Here's what I found, and maybe that will help to debug it.
If I open up a PowerShell window and run the script there, it works. But if I run it in a command prompt,
powershell.exe -File "C:\Doc\Files\FileMonitor.ps1"
It will not work. I am not sure it's a permission problem or something else.
BTW, I have PowerShell 3.0 installed, and if I type $host.version, it will show 3 there. But my powershell.exe seems like it is still v1.0.
%SystemRoot%\system32\WindowsPowerShell\v1.0\powershell.exe
I finally got my PowerShell script to run automatically on every startup. You will need to create two files: the first is the Powershell script (e.g. script.ps1) and the second is a .cmd file that will contain commands that will run on the command prompt (e.g. startup.cmd).
The second file is what needs to be executed when the computer starts up, and simply copy-pasting the .ps1 to the startup folder won't work, because that doesn't actually execute the script - it only opens the file with Notepad. You need to execute the .cmd which itself will execute the .ps1 using PowerShell. Ok, enough babbling and on to the steps:
Create your .ps1 script and place it in a folder. I put it on my desktop for simplicity. The path would look something like this:
%USERPROFILE%\Desktop\script.ps1
Create a .cmd file and place it in
%AppData%\Microsoft\Windows\Start Menu\Programs\Startup\startup.cmd
Doing this will execute the cmd file every time on startup. Here is a link of how to create a .cmd file if you need help.
Open the .cmd file with a text editor and enter the following lines:
PowerShell -Command "Set-ExecutionPolicy Unrestricted" >> "%TEMP%\StartupLog.txt" 2>&1
PowerShell %USERPROFILE%\Desktop\script.ps1 >> "%TEMP%\StartupLog.txt" 2>&1
This will do two things:
Set the Execution Policy of your PowerShell to Unrestricted. This is needed to run scripts or else PowerShell will not do it.
Use PowerShell to execute the .ps1 script found in the path specified.
This code is specifically for PowerShell v1.0. If you're running PowerShell v2.0 it might be a little different. In any case, check this source for the .cmd code.
Save the .cmd file
Now that you have your .ps1 and .cmd files in their respective paths and with the script for each, you are all set.
You could set it up as a Scheduled Task, and set the Task Trigger for "At Startup"
What I do is create a shortcut that I place in shell:startup.
The shortcut has the following:
Target: C:\Windows\System32\WindowsPowerShell\v1.0\powershell.exe -Command "C:\scripts\script.ps1"

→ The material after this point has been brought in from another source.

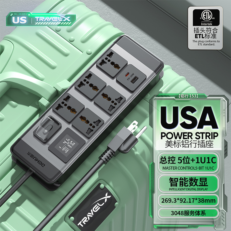 银翼板体 2U非标尺寸:左侧进线:250V 15A输入,5位10A多用孔(带保护门)+微光过载总开关+20W 1U1C+全显计量(白色)+美标插头

(replacing scripts\scripts.ps1 with what you need)
Start In: C:\scripts
(replacing scripts with folder which has your script)

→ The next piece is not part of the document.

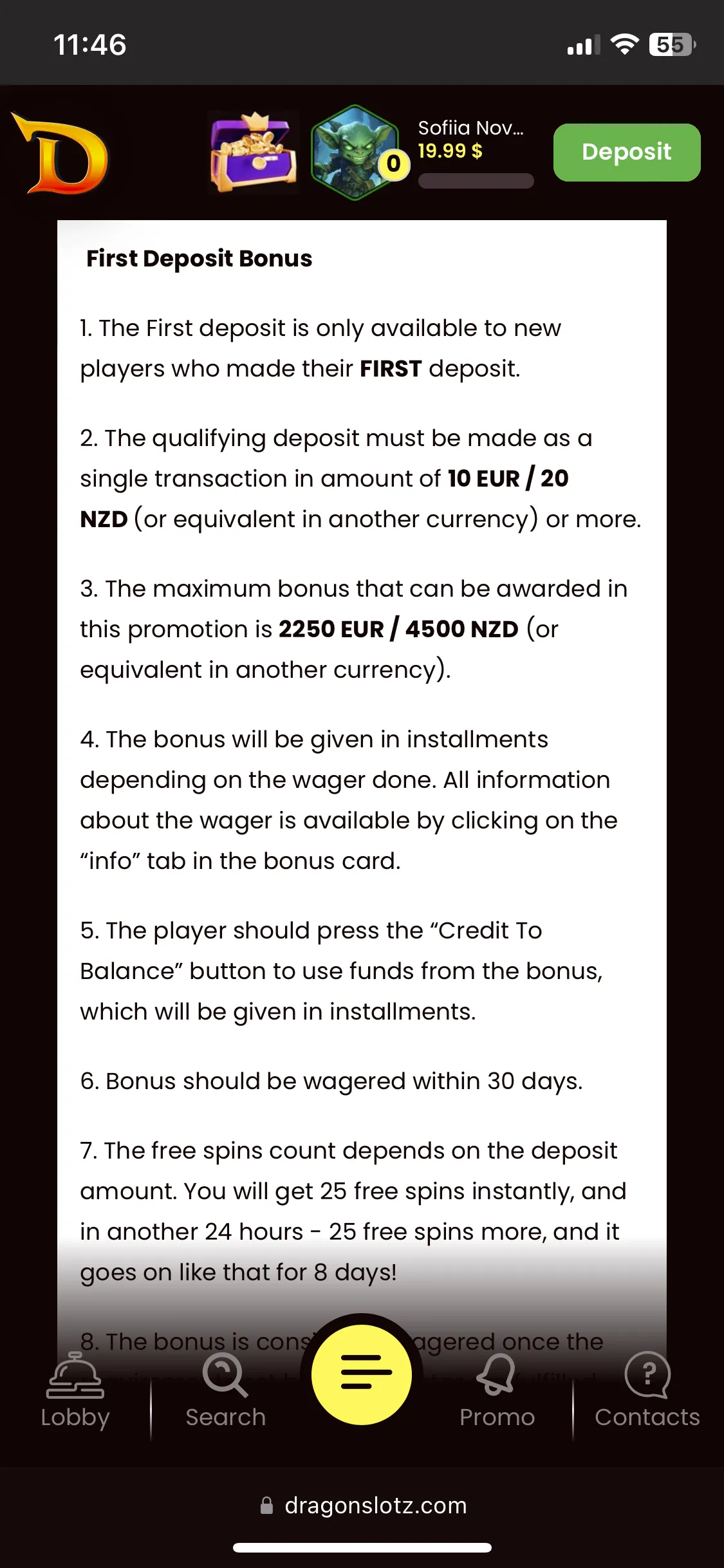 DragonSlots is a legitimate gambling site with a reputable license. It is owned by a recognized company in the iGaming industry and has all the necessary security measures players need for peace of mind. I loved the choice of games and payment methods. I was impressed with the dragon theme, which looks stylish and engaging. However, I was disappointed with the wagering requirements. 100x is beyond imaginable, and I am not sure many players will be happy with such rules. And even though I loved the games a lot, I didn’t win much, which is very unusual.

You could create a Scheduler Task that runs automatically on the start, even when the user is not logged in:
schtasks /create /tn "FileMonitor" /sc onstart /delay 0000:30 /rl highest /ru system /tr "powershell.exe -file C:\Doc\Files\FileMonitor.ps1"
Run this command once from a PowerShell as Admin and it will create a schedule task for you. You can list the task like this:
schtasks /Query /TN "FileMonitor" /V /FO List
or delete it
schtasks /Delete /TN "FileMonitor"
This is really just an expansion on #mjolinor simple answer [Use Task Scheduler].
I knew "Task Scheduler" was the correct way, but it took a bit of effort to get it running the way I wanted and thought I'd post my finding for others.
Issues including:
Redirecting output to logs
Hiding the PowerShell window
Note: You must have permission to run script see ExecutionPolicy
Then in Task Scheduler, the most important/tricky part is the Action
It should be Start a Program
Program/Script:
powershell
Add arguments (optional) :
-windowstyle hidden -command full\path\script.ps1 >> "%TEMP%\StartupLog.txt" 2>&1
Note:
If you see -File on the internet, it will work, but understand nothing can be after -File except the File Path, IE: The redirect is taken to be part of the file path and it fails, you must use -command in conjunction with redirect, but you can prepend additional commands/arguments such as -windowstyle hidden to not show PowerShell window.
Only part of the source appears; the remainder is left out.